Chemotherapy and Hair Loss: What Patients and Caregivers Need to Know About Scalp Cooling

For many people undergoing chemotherapy, hair loss is one of the most distressing side effects of treatment. While doctors and nurses focus on treating the cancer itself, patients often feel the emotional impact of losing their hair just as deeply.

Hair loss can make someone feel visibly ill. It can affect self-esteem, privacy, identity, and control during an already overwhelming time. As caregivers, understanding why this happens — and what options exist — can make a meaningful difference in supporting a loved one.

Why Does Chemotherapy Cause Hair Loss?

Chemotherapy works by targeting rapidly dividing cells. Cancer cells typically divide quickly, which is why chemotherapy is effective against them. However, cancer cells are not the only fast-growing cells in the body.
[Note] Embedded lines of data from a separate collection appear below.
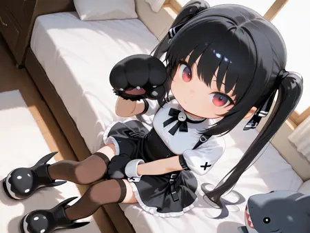 我特意只保留了白色边沿的女仆帽元素,如果将goth fashion替换为maid,就能穿上普通女仆服。
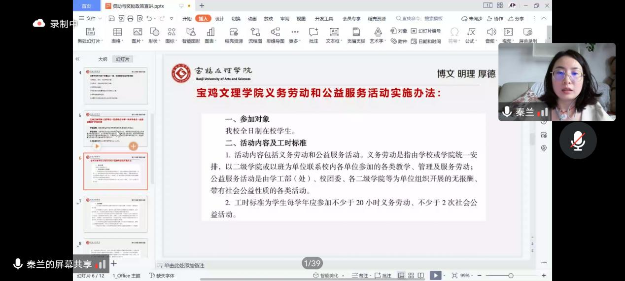 数学与信息科学学院开展了“助学筑梦铸人”专题资助政策宣讲,帮助新生了解中央、地方、学校各项学生资助政策,强化学生诚信认知,增强学生学习动力和信心。
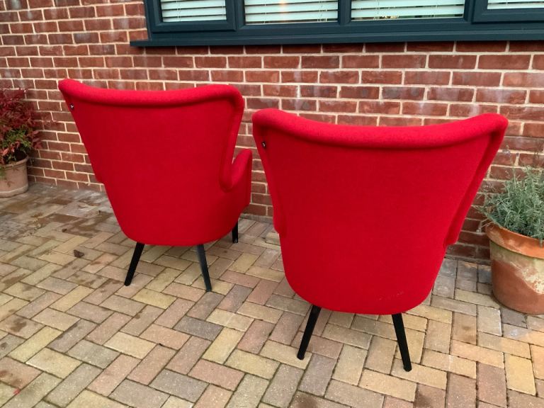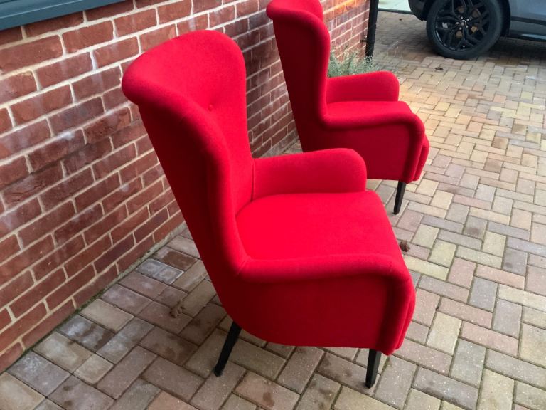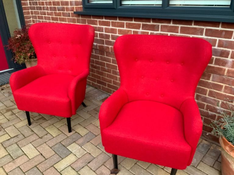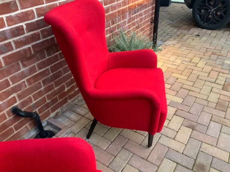 Two Highback armchairs for sale. Finished in a hard wearing red wool type fabric. These chairs are like brand new! £250 each or £425 for the pair. I can possibly deliver depending upon location for an agreed fee.
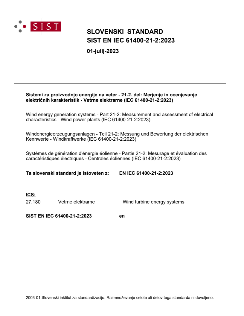 Standard IEC 61400-21-2 opredeljuje postopke merjenja in preskusne postopke za količinsko določanje električnih karakteristik kot osnovo za preverjanje skladnosti elektrarn, priklopljenih na omrežje, vključno s/z:

Hair follicles — the tiny organs in the scalp that produce hair — are also rapidly dividing. Under normal conditions, they are constantly growing and shedding hair. When chemotherapy interferes with that process, hair growth slows and often stops. Eventually, hair falls out because the follicles cannot function normally during treatment.
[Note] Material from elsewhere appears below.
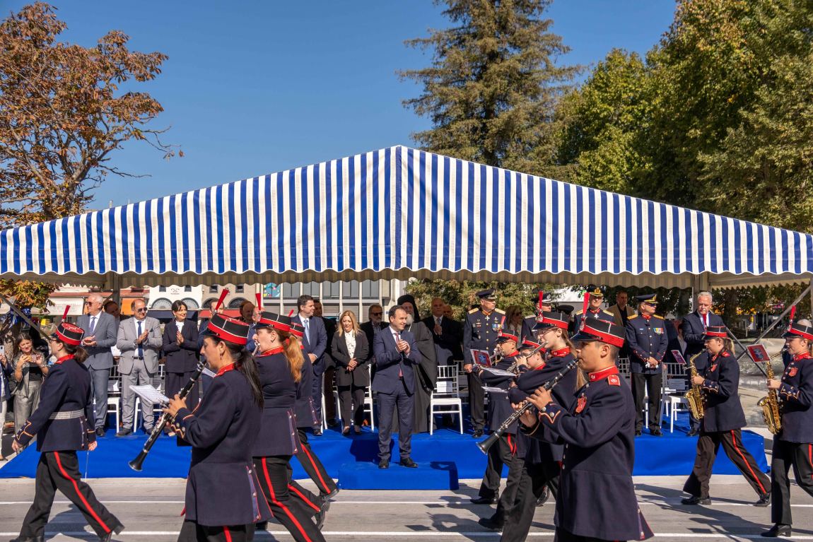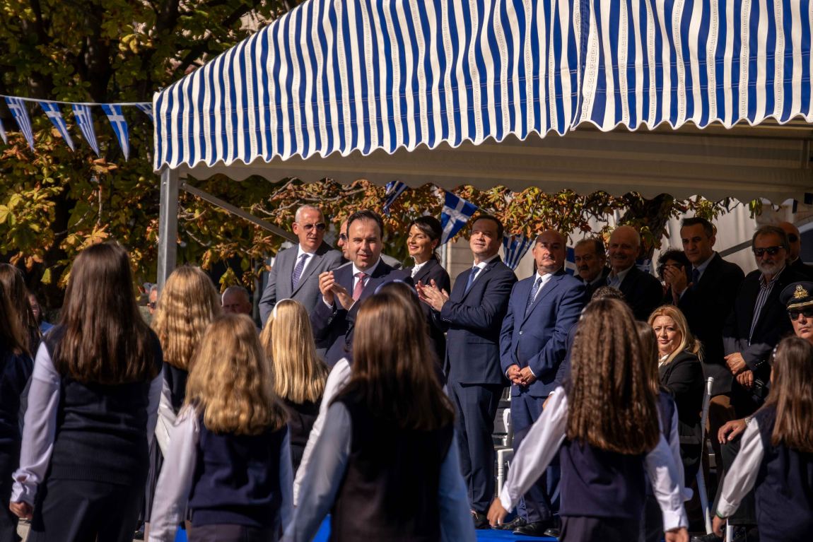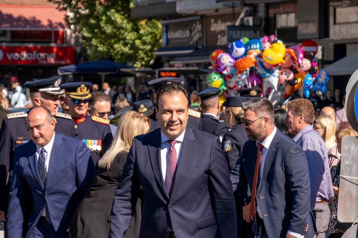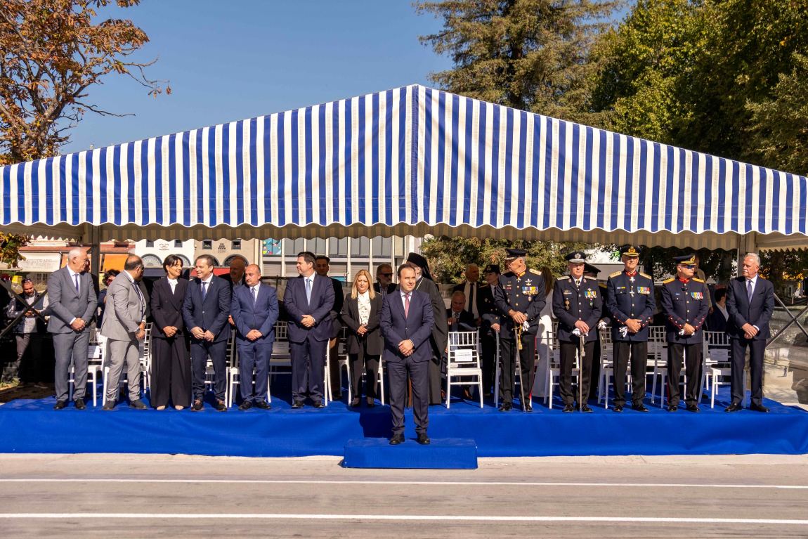 Η παρέλαση για την επέτειο της 28ης Οκτωβρίου στα Τρίκαλα πραγματοποιήθηκε υπό λαμπρό ήλιο και με κάθε επισημότητα. Παρόντες στην εκδήλωση ήταν σημαντικές πολιτικές και στρατιωτικές προσωπικότητες, με επικεφαλής τον Υπουργό Ψηφιακής Διακυβέρνησης κ. Δημήτρη Παπαστεργίου. Συνοδευόταν από τον Υφυπουργό στον Πρωθυπουργό κ. Θανάση Κοντογιώργη, την Αντιπεριφερειάρχη ΠΕ κ. Χρύσας Ντιντή, καθώς και τον Δήμαρχο Τρικκαίων κ. Νίκο Σακκά. Παρόντες επίσης ήταν οι Βουλευτές κ. Μαρίνα Κοντοτόλη και κ. Θανάσης Λιούτας, μαζί με άλλες πολιτειακές και στρατιωτικές αρχές.
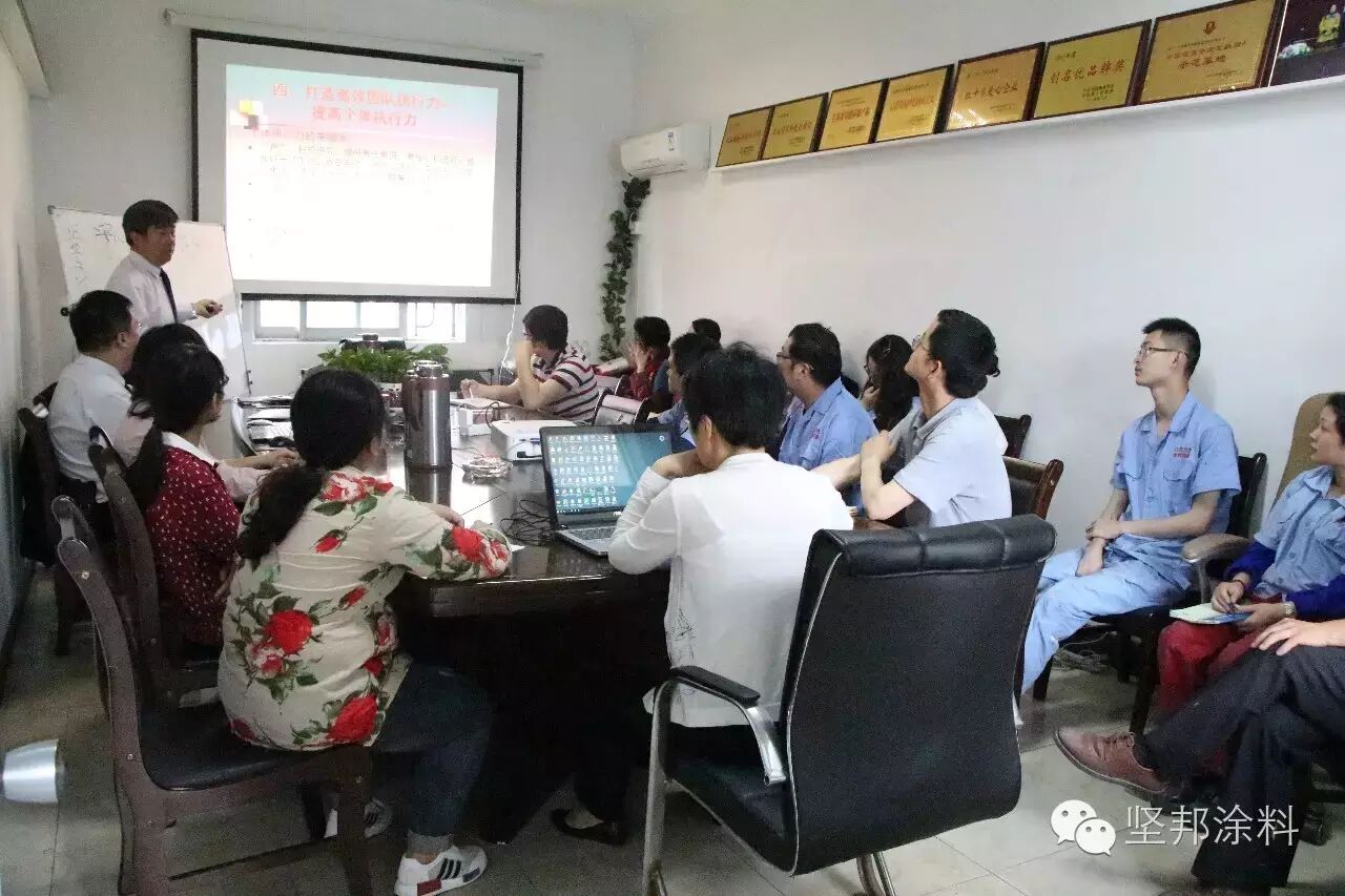 1坚邦涂料《企业管理培训》走到了第三期,通过三期的培训让坚邦团队制度、流程更加完善,各部门间积极配合,从产品生产到质检再到服务都上了一个新的台阶,为坚邦品牌立足国内外市场把好关。

Other fast-dividing cells are affected as well, which explains additional side effects such as:

  • Low blood counts

  • Gastrointestinal symptoms

  • Fatigue

Hair loss is not a cosmetic issue alone. It is a visible reminder of illness, and that emotional weight is significant.

Can Hair Loss Be Prevented?

While chemotherapy-related hair loss cannot always be prevented, there are strategies that may significantly reduce it. The most established approach is scalp cooling.

Scalp cooling works by narrowing (constricting) the small blood vessels in the scalp. This process, called vasoconstriction, reduces the amount of chemotherapy drug that reaches the hair follicles. With less exposure to the drug, the follicles may be protected.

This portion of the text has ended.